Fuels are still the main source of global energy generation. With the advancement and growth of industry, commerce, and population, there is an increasing demand for energy. The need for energy requires an increase in its production. To achieve this, it is necessary to refine crude oil more and more, as well as to consequently demand the unit operations involved, including heat transfer in the preheating battery exchangers (BPA).

The heat exchangers of the BPA reuse the heat from the distilled fractions of the atmospheric and vacuum tower petroleum output to heat the incoming crude oil and maintain the thermal efficiency of the processes. According to [1], in only the petroleum preheating battery, the amount of energy consumed can reach 35–45% of the total energy consumption of a refinery. Thus, this reuse can lead to considerable savings. An important phenomenon in heat exchanger operation is deposition (fouling), which is manifested by the deposition of material on equipment surfaces. This deposition can occur as a result of the phase change that arises from the temperature differences between the surface and the fluid (deposition by crystallization), by chemical reactions on the surfaces (deposition by chemical reaction), or even by the growth of organisms on the surface (biodeposition).

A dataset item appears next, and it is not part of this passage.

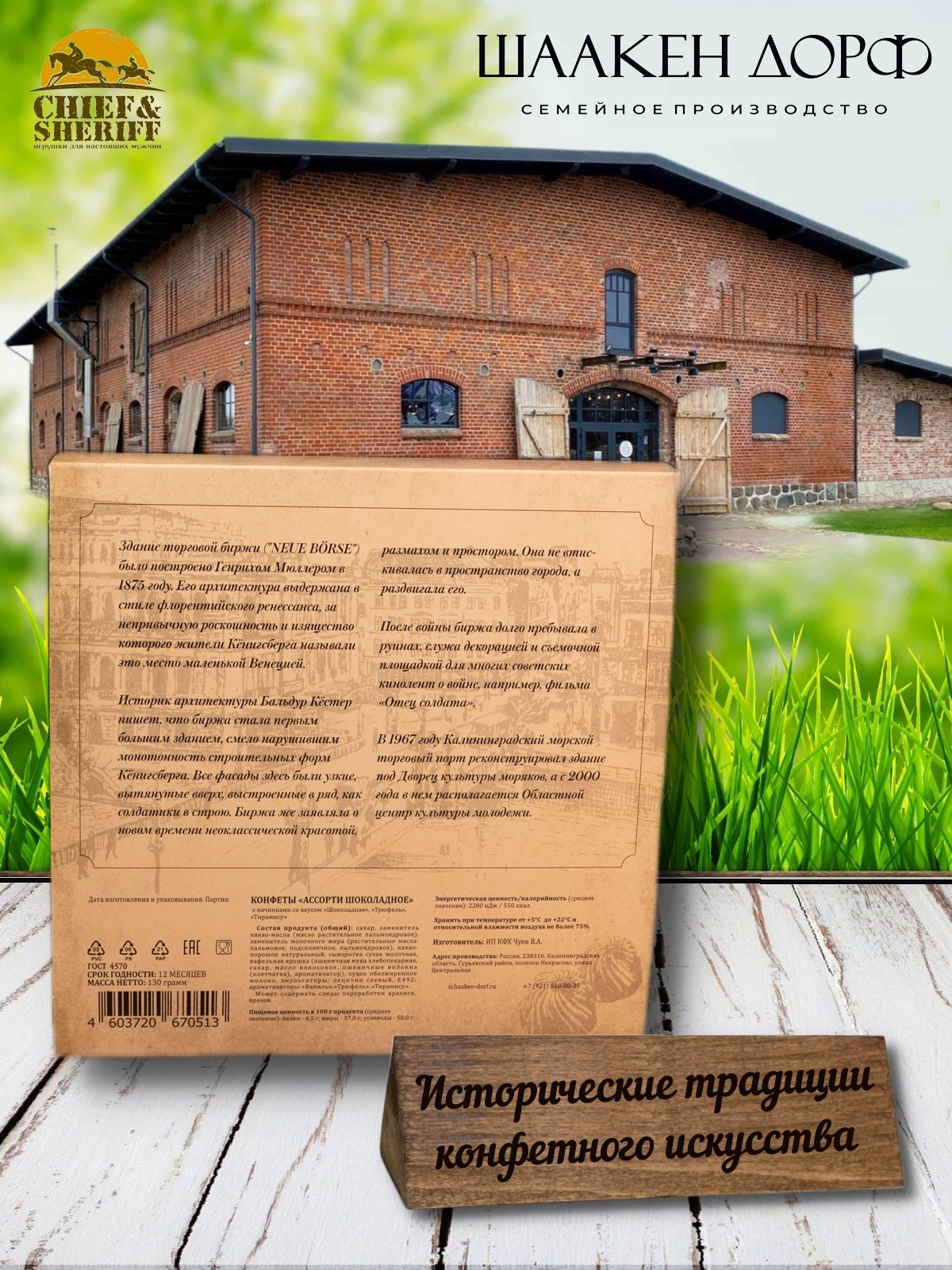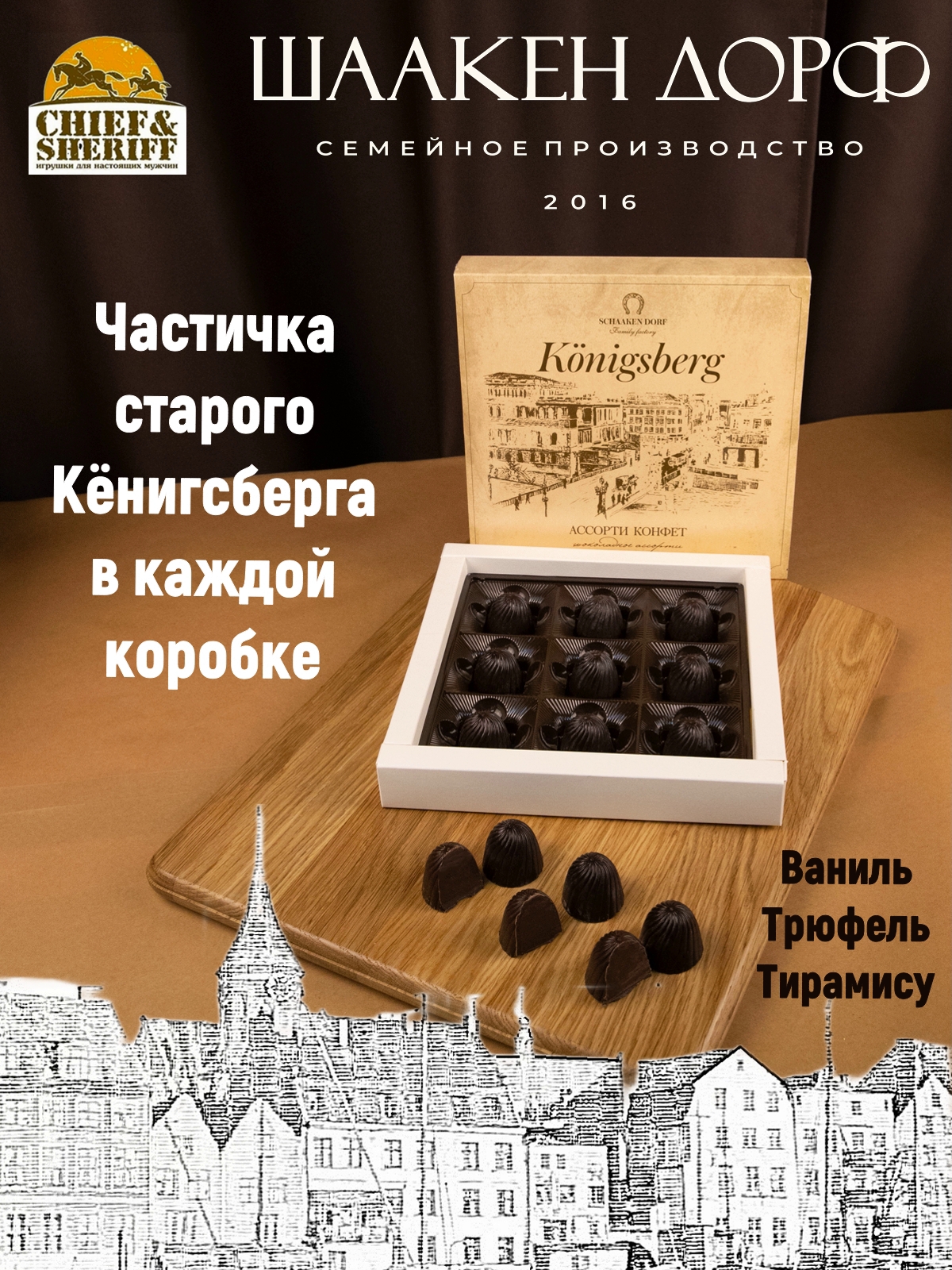 Шаакен Дорф - семейное производство сыра, марципана, шоколада, конфет и зефира. Производство компании Шаакен Дорф находится в Калининграде, в здании, которое когда-то было конюшней при замке Шаакен - рыцарей еще тевтонского ордена. Сейчас на первом этаже находится производство сыра. На втором этаже располагается небольшое кондитерское производство. Здесь вручную варится зефир, делаются карамелизированные апельсины в темном шоколаде, сублимированные ягоды, а также создается абсолютно разный и такой всеми полюбившийся калининградский марципан. В 2024 году, компания Шаакен Дорф стала победителем в номинациях «Лучшее туристическое направление года в номинации агротуризм», «Лучшее крестьянско-фермерское хозяйство», «Лучшее хозяйство в отрасли переработки молока», «Лучший объект туристического показа» и многих других!

It is an important phenomenon because the deposited material can restrict the cross-sectional area for fluid flow, causing an increase in pressure loss. This material primarily acts as a resistance to heat transfer, thus limiting heat recovery and increasing energy and cleaning costs [2].

There is a consensus that deposition by chemical reaction is the most frequent among the phenomena, as it is triggered by the high temperatures of the process. Naturally, the reactive constituents of petroleum can undergo thermal decomposition, polymerization, self-oxidation reactions, precipitation or gelation of paraffins and asphaltenes, and condensation reactions catalyzed by FeS and other salts present to produce incrustation precursors [3]. In this context, asphaltenes and polar molecules are the main causes of these phenomena and are potentiated under conditions of high temperature, pressure changes, and the nature of the solvent [4].

Asphaltenes, as per their definition, are large polar molecules with high molecular weights, constituting a distinct fraction of oil that is soluble in toluene while insoluble in low-molecular-weight alkanes. They belong to the four primary categories found in petroleum, which are categorized based on their polarity, known as saturates, aromatics, resins, and asphaltenes (commonly abbreviated as SARA). In heavy oils, these molecules exist in a colloidal state and can undergo partial precipitation when changes occur in the fluid’s solubility properties due to factors such as oil blending, alterations in temperature, or shifts in pressure. The process of asphaltene deposition onto heated surfaces may be influenced by several factors, including the higher colloid instability index of the system and an enhanced mass transfer of the fluid. Consequently, a crucial aspect in assessing the escalation of asphaltene deposition rates on hot surfaces lies in comprehending the aggregation state of the precipitated asphaltenes [5].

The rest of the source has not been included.